问了人,花腰找到了丞相府。
怎么进去呢?用什么办法拿到那什么麒麟万寿转运玉?
隐身在暗处的血豹丈二和尚摸不着头脑,花婕妤来丞相府做什么?难道她来找爷?
这个事必须尽快禀报爷!
于是,他从另一侧飞进丞相府,直奔主院,向鸢夜来禀报。
鸢夜来在书房看公文,听了他的话,霍然站起,冷漠的眉宇绽开一丝不易察觉的喜色。
不过,他又坐下来继续看公文,不显喜怒。
血豹错愕不已,这位爷是要闹哪样啊?听说她在府外,明明欣喜,却装作不知道,难道要让她进府投怀送抱才行咩?
这些年,爷身边一个女人都没,就连铺床叠被的丫鬟都没有,更不让任何女子近身四步之内,清心寡欲得惨不忍睹。
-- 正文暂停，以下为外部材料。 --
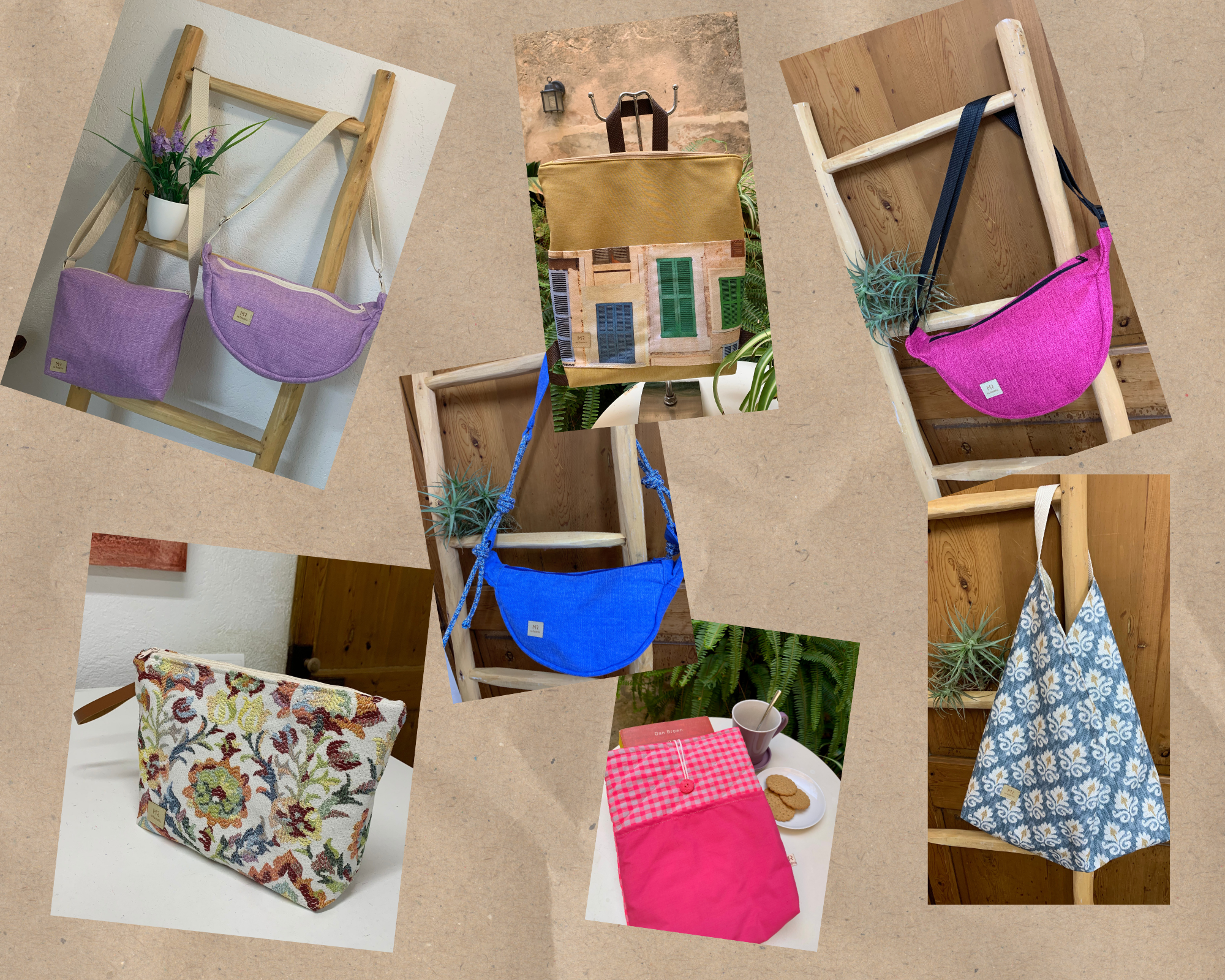 Trabajamos con telas típicas de Mallorca, seleccionadas cuidadosamente para dar vida a mochilas, tote bags, bolsos de mano y otros complementos llenos de carácter.

如今难得对一个姑娘有了丁点儿心思,还要傲到什么时候?
对了,血豹忘记说周扬一事,于是道:“爷,花婕妤与周扬好像是旧识。”
接着,他将酒楼发生的事讲述一遍,希望爷多多上心,倘若周扬真的横插一角,那可不妙。
鸢夜来俊眸低垂,淡淡道:“退下。”
血豹灰溜溜地退出去,心中哀叹,爷你就不能主动点儿吗?真是皇上不急太监急。
鸢夜来盯着公文,可是那些字变得那么陌生,被烛火一照,模糊得根本看不清。
在府外徘徊片刻的花腰,终于决定敲门。
从恶贯满盈的奸佞权臣手里取物,无异于与虎谋皮,但为了能回去,没有其他办法。
这些日子,她让半夏打听,对鸢夜来有了一个比较全面的了解。
鸢夜来年二十五,与昏君同年,原为军中小将,五年前从天而降、出现在周太后身边,被周太后破格提拔为丞相。那时昏君已是弱冠之年,本已亲政,但周太后以拓跋彧心性顽劣、恐祸国殃民为由,继续摄政。赵家、唐家极力反对,联合其他大臣上疏,要求周太后还政于昏君。鸢夜来率禁军夜入赵家、唐家,屠杀五百余人,将北周两个富贵百年的世家门阀整个儿给端了。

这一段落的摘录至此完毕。